In the case of Choctaw Lumber Co. v. Gilmore, supra, it appears from the statement of facts that on October 9, 1901, the plaintiff, the Choctaw Lumber Company, filed and published a certificate stating the names and places of residence of the members of the partnership, and on the same day began its action in the district court against certain parties defendant. A motion was made to dissolve the temporary injunction granted because the plaintiff had not filed and published the certificate required by the statutes above noted. After bringing the suit, the plaintiff sold and assigned its interest therein to one McKee, who filed his application in the case to be substituted plaintiff, setting forth that he had purchased the rights of plaintiff. The same question was raised in that case as in this, and Justice McAtee, who prepared the opinion for the court, said:

"There is no room for interpretation or construction, and it is not within the province of the court to undertake by some adroit interpretation, to disregard or to destroy the force of provisions *238 the statute expressly, specifically, definitely, and emphatically stated and undoubtedly intended for the protection of the citizenship of the territory which transacts business with any partnership doing business under a fictitious name. The certificate provided for by the statute was filed in attempted conformity thereto on the 9th of October, the same day upon which the action was begun. The plaintiffs were not qualified or entitled to begin the action until they had made the publication herein required, which is that 'the certificate shall be published once a week for four consecutive weeks in a newspaper published in the county, if there be one.' * * * They had no right to begin the action at the time they did, and the substitution of McKee availed them nothing since he could have acquired no greater right than the persons and firms constituting 'The Choctaw Lumber Company.' They had no right to maintain the action on the 9th of October, and they could not thereafter initiate the right to sustain that action by subsequent sale and assignment to one of their number."

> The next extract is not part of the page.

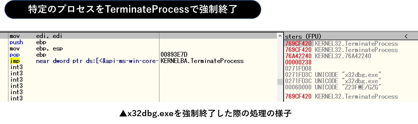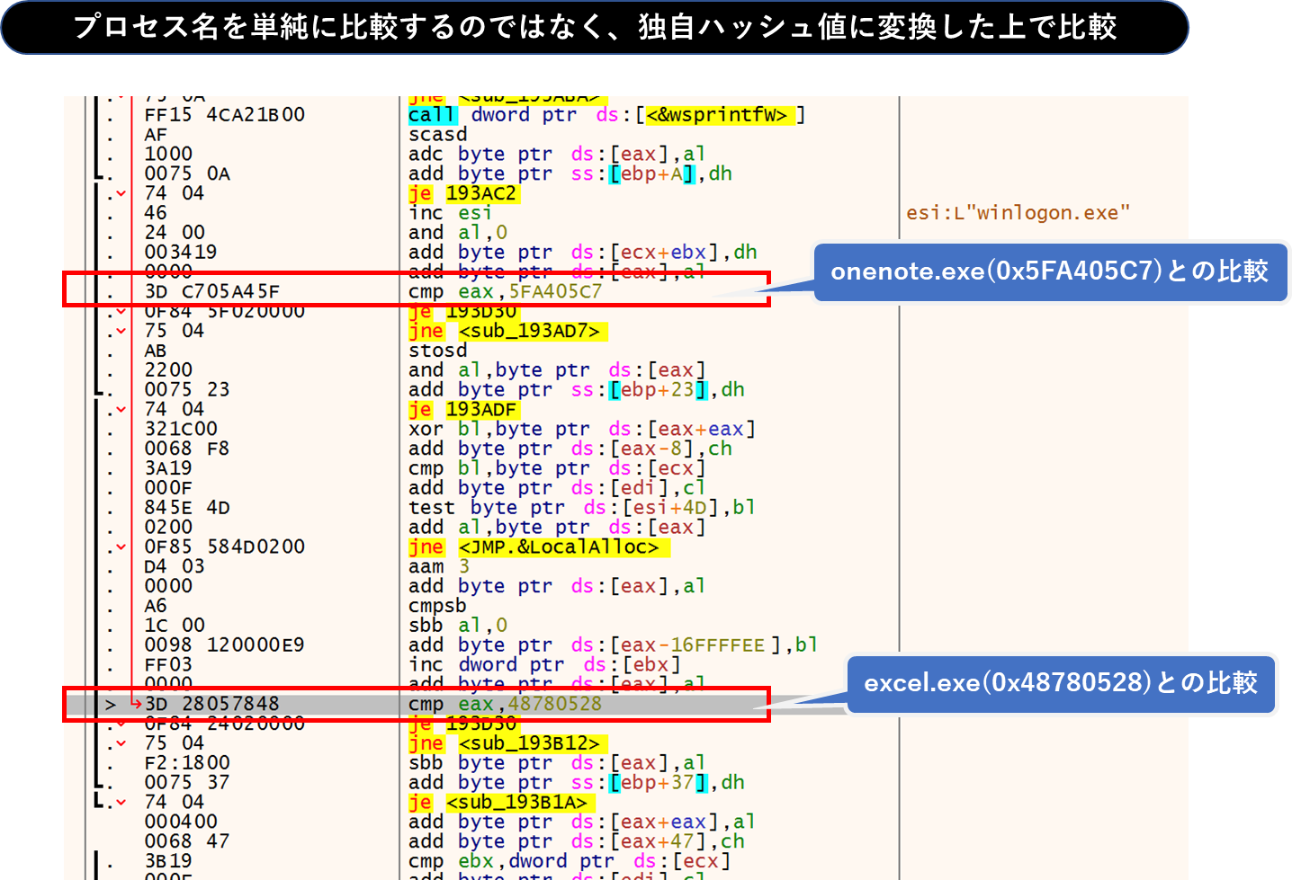 この際、プロセス名を単縦に文字列比較するのではなく、独自ハッシュ値に変換した上で比較します。この手口により強制終了する処理を特定しづらくなります。

The purpose of the act is well stated by Judge Bierer in theSwope v. Burnham, etc., case, supra. It is to put the parties who are doing business with a fictitious partnership upon the same plane as the members of the concern in so far as information may be necessary to know with whom they are dealing. Parties doing business as a partnership under a fictitious name may be one set of individuals today and another set tomorrow, and people transacting business with it grope in the dark when the time comes to assert their rights in court. The sanction which the statute carries with it is contained in the denial of the right of persons doing business as partners contrary to the provisions of the act to maintain any action on accounts or contracts made or transactions had in their partnership name until it has first filed the certificate and made the publication required. The law is plain, means what it says, and plaintiff lacked any standing in court after its right was challenged.

Under the circumstances, the judgment of the trial court must be reversed, and the cause remanded, with instructions to dismiss the same.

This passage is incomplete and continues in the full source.